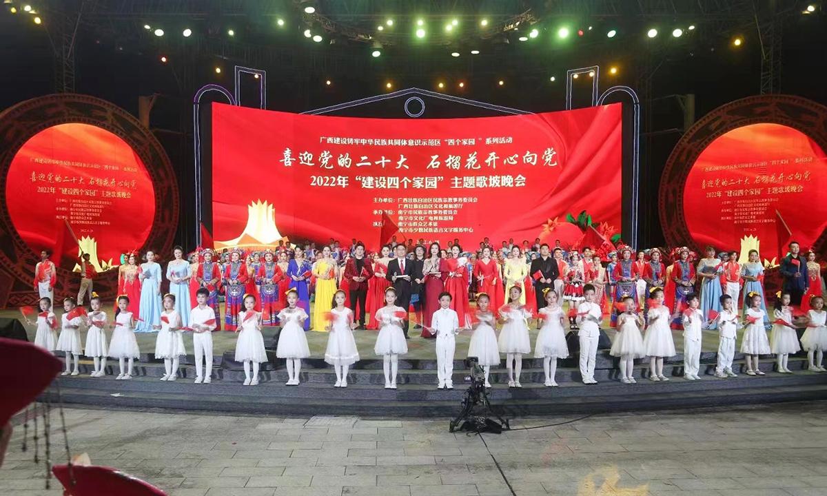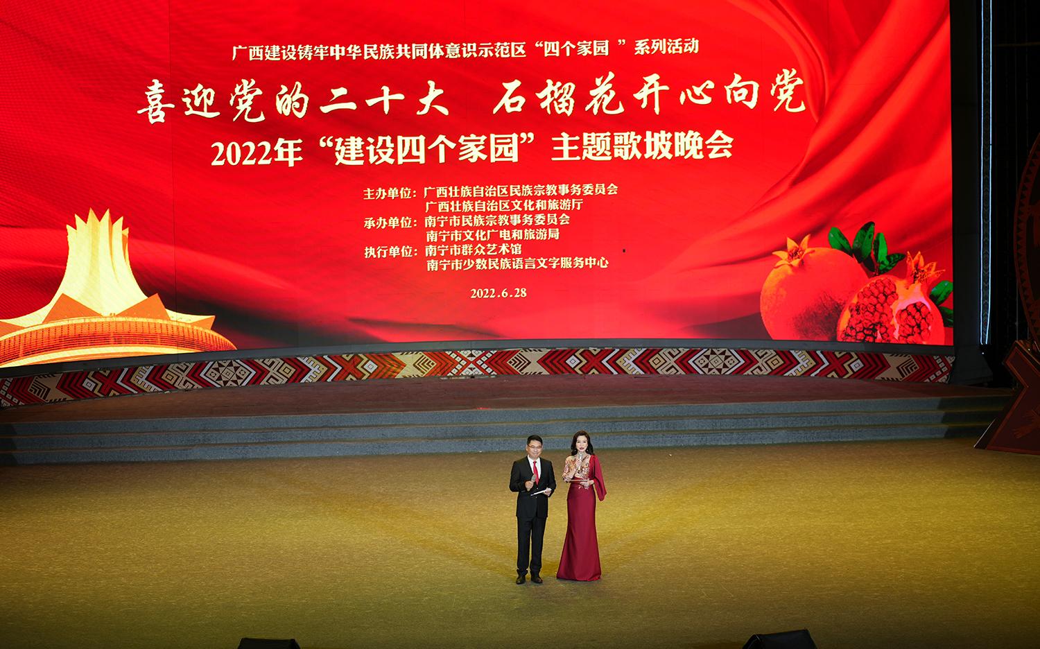 6月28日晚,广西建设铸牢中华民族共同体意识示范区“四个家园”系列活动——“喜迎党的二十大 石榴花开心向党”2022年“建设四个家园”主题歌坡晚会在南宁民歌湖大舞台隆重举行,上演了一场集中展示广西壮族自治区各民族优秀传统文化的视听盛宴。晚会由广西壮族自治区民族宗教事务委员会、广西壮族自治区文化和旅游厅主办,南宁市民族宗教事务委员会、南宁市文化广电和旅游局承办,南宁市群众艺术馆、南宁市少数民族语言文字服务中心执行。
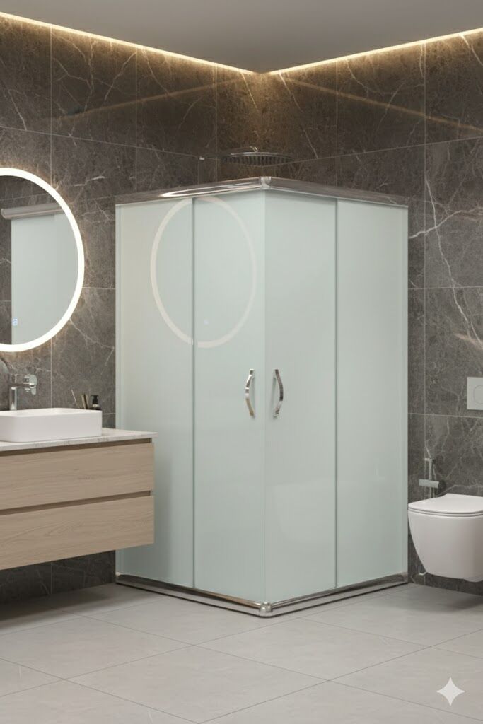 Tamamı buzlu cam yapısı sayesinde yüksek düzeyde mahremiyet sağlarken, krom kaplamalı profilleri banyoya ferah ve şık bir görünüm kazandırır.
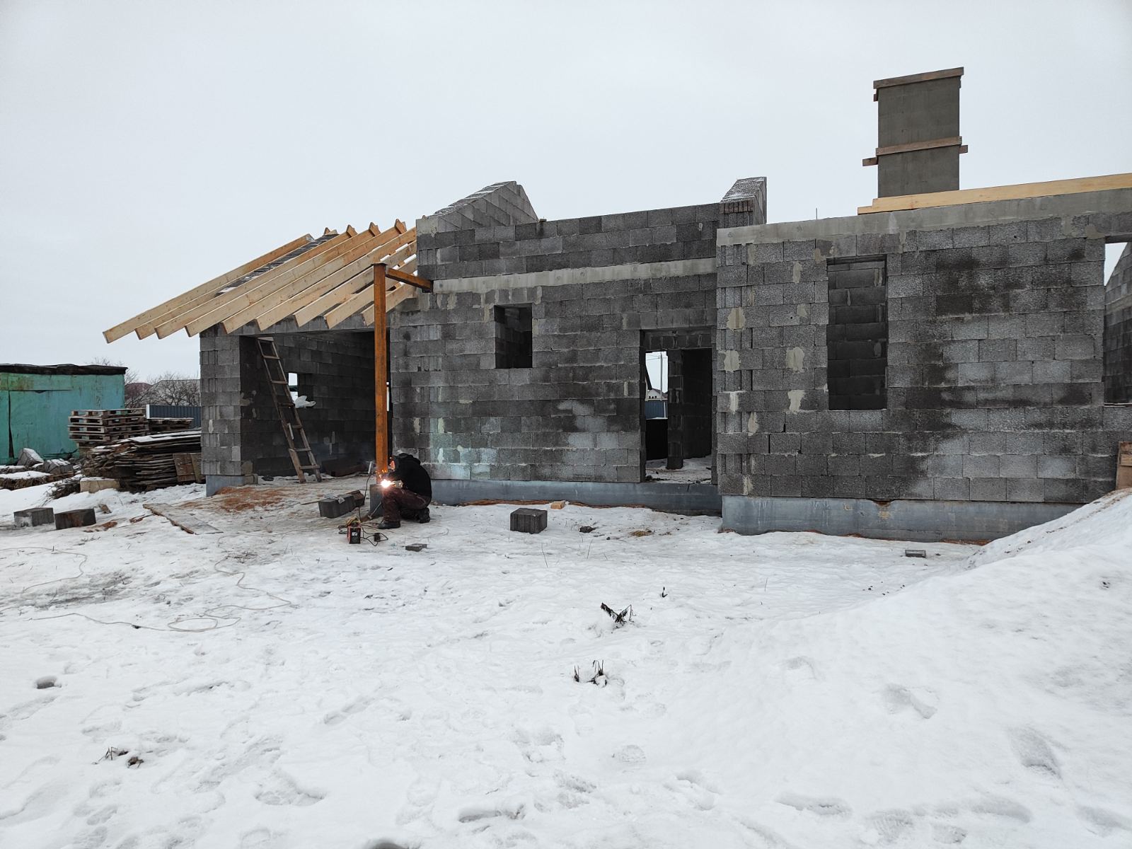 Наиболее часто применяется. Простата ее возведения и возможность экономного раскроя кровельных материалов делает этот вариант экономичным. Конструкция используется для дачных домиков, хозяйственных построек, небольших коттеджей.
= = = = = = =
Apart from the images, reproduce the listing exactly as it appears.

 6月28日晚,广西建设铸牢中华民族共同体意识示范区“四个家园”系列活动——“喜迎党的二十大 石榴花开心向党”2022年“建设四个家园”主题歌坡晚会在南宁民歌湖大舞台隆重举行,上演了一场集中展示广西壮族自治区各民族优秀传统文化的视听盛宴。晚会由广西壮族自治区民族宗教事务委员会、广西壮族自治区文化和旅游厅主办,南宁市民族宗教事务委员会、南宁市文化广电和旅游局承办,南宁市群众艺术馆、南宁市少数民族语言文字服务中心执行。
 Tamamı buzlu cam yapısı sayesinde yüksek düzeyde mahremiyet sağlarken, krom kaplamalı profilleri banyoya ferah ve şık bir görünüm kazandırır.
 Наиболее часто применяется. Простата ее возведения и возможность экономного раскроя кровельных материалов делает этот вариант экономичным. Конструкция используется для дачных домиков, хозяйственных построек, небольших коттеджей.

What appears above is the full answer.